In particular, we had a few questions:
- Label-wise performance
Would you be able to share the approximate Dice scores you obtain for:
o Hepatic vein
o Portal vein
o Liver Tumor (as is and if included in the same multi-label training setup)
Even approximate ranges would be very helpful for benchmarking. - Multi-label training strategy
When training on multiple labels simultaneously:
o Are all labels trained in a single nnU-Net run with equal treatment?
o Do you apply any label-specific weighting, sampling, or post-processing (e.g., small-object filtering, connected components)?
o Are vascular labels (hepatic vs portal vein) ever trained separately or hierarchically? - Reproducibility / training script
Would it be possible to share (or point us to) a script or command sequence that recreates your training on the TotalSegmentator data using your reported parameters (e.g., nnU-Net version, configuration, preprocessing, folds, loss, and label mapping)?
We want to ensure that our setup truly matches yours before drawing conclusions.

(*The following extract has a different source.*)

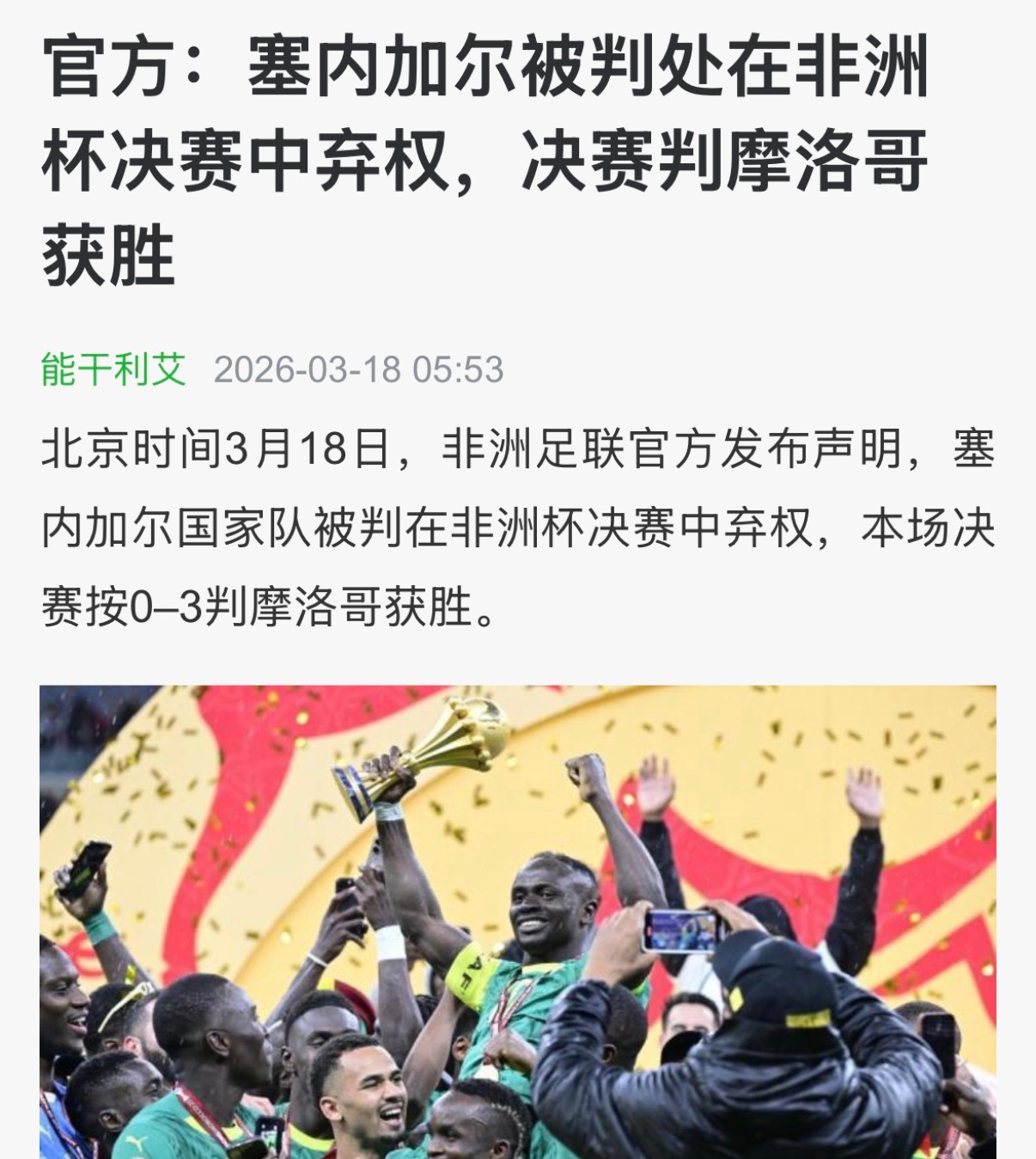 还能这么剥夺冠军的???看文章详情,这是摩洛哥犯错罚了10多w美金,塞内加尔犯错剥夺冠军炸裂呀!!

For context and comparison, our group develops and evaluates segmentation models using MIST (Medical Imaging Segmentation Toolkit), which supports multi-label and multi-task training pipelines:
https://github.com/mist-medical/MIST
We are currently comparing MIST-based models against nnU-Net/TotalSegmentator-style training under matched data and label conditions, and your guidance would be extremely valuable in ensuring that our comparison is fair and reproducible.
Thank you very much for your time and for making your work publicly available. We greatly appreciate any insight you can share, and we would be happy to provide additional details about our setup if helpful.